We’ve shared a few of our experiences around data preparation for migrations, the importance of a data strategy, and why data quality is so important to your big data architecture.
But we haven’t touched on the definition, and the crucially, the criticality of data quality!
Data is everywhere and increasing daily in volume and sources captured.
Good timing therefore we think to provide you with a definition of data quality – what it means, and why it’s so important to you and your business, and should you really care about it?
Getting to grips with your data
Your data sources and data creation may have a variety of sources and volume. You could have vast new volumes of data coursing through your business, or huge volumes of incumbent data sitting within your systems and applications.
If your business hasn’t figured out how to effectively use its data – you’re missing out on critical opportunities to transform it, launch new products or services or remain competitive.
Once you get to grips with your data however, you’re faced with another challenge – it’s quality.
It is without question impossible to make informed, timely business decisions if your data quality is bad. There are many terms to try to define and describe data quality including complete and accurate – but simply put the larger concept of data quality is really about whether or not your data is fit for the purpose or purposes you need to use it for.
How hard is Data Quality to achieve?
Undeniably, it used to be difficult. But modern solutions to achieving data quality are not as erroneous as some might think they are. Most businesses, regardless of industry, still have challenges achieving data quality.

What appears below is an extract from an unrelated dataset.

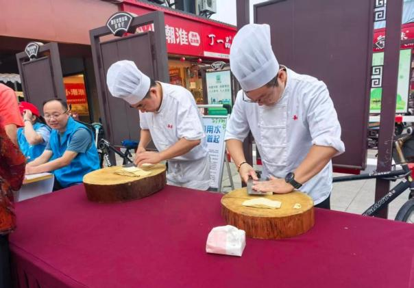 活動(dòng)現(xiàn)場(chǎng),來(lái)自城控集團(tuán)下屬市民卡公司、揚(yáng)州中燃、長(zhǎng)江水務(wù)、供熱公司及名城公司的多支志愿服務(wù)隊(duì)早早準(zhǔn)備就緒,通過(guò)設(shè)立咨詢(xún)臺(tái)、懸掛展板、發(fā)放宣傳冊(cè)和便民禮品等方式,為社區(qū)居民帶來(lái)了一場(chǎng)“零距離”的貼心服務(wù)。市民卡公司“e飛揚(yáng)”志愿服務(wù)隊(duì)現(xiàn)場(chǎng)演示了市民卡充值、水氣線上繳費(fèi)與過(guò)戶(hù)等操作,推動(dòng)服務(wù)“掌上辦”;揚(yáng)州中燃的志愿者們不僅發(fā)放安全手冊(cè),講解用氣知識(shí),更提供了免費(fèi)的上門(mén)燃?xì)獍矙z服務(wù),筑牢安全防線;長(zhǎng)江水務(wù)的工作人員耐心解答水壓、水費(fèi)疑問(wèn),并為有需求的居民登記上門(mén)檢查,切實(shí)解決用水煩惱;供熱公司積極宣傳供暖知識(shí)與垃圾分類(lèi)常識(shí),倡導(dǎo)綠色生活;名城公司長(zhǎng)樂(lè)客棧的廚師們則亮出絕活,現(xiàn)場(chǎng)免費(fèi)切干絲,展現(xiàn)了“揚(yáng)州工匠”的親民風(fēng)采,將活動(dòng)氣氛推向高潮。

In fact nearly 85% of CEOs around the world say they’re concerned about the quality of the data they are using to make business critical decisions, partly down to the fact that poor quality data has been proven to cost companies up to 25% of their annual revenue in lost sales, bad decisions and poor productivity.
Common Data Quality Challenges
Data silos or isolated data is often a challenge. These are separate data groups owned by different business units or groups, often contained within a specific software package. Clearly due to its confinement and separation, it’s often inaccessible to the rest of the business as it may have strict permissions or is not compatible with other software around the company. Because it’s not easily accessible, the business can’t get a complete picture of it; nor much value out of it.
Complex and big data is often hard to fathom data quality in too. Data comes from many different sources, it can be structured or unstructured with varying criteria, often in huge volumes. Making sense of this data is often labour intensive and time consuming with the result often resulting in the data being potentially out of date by the time is even collected!
Big question is – how to approach data quality?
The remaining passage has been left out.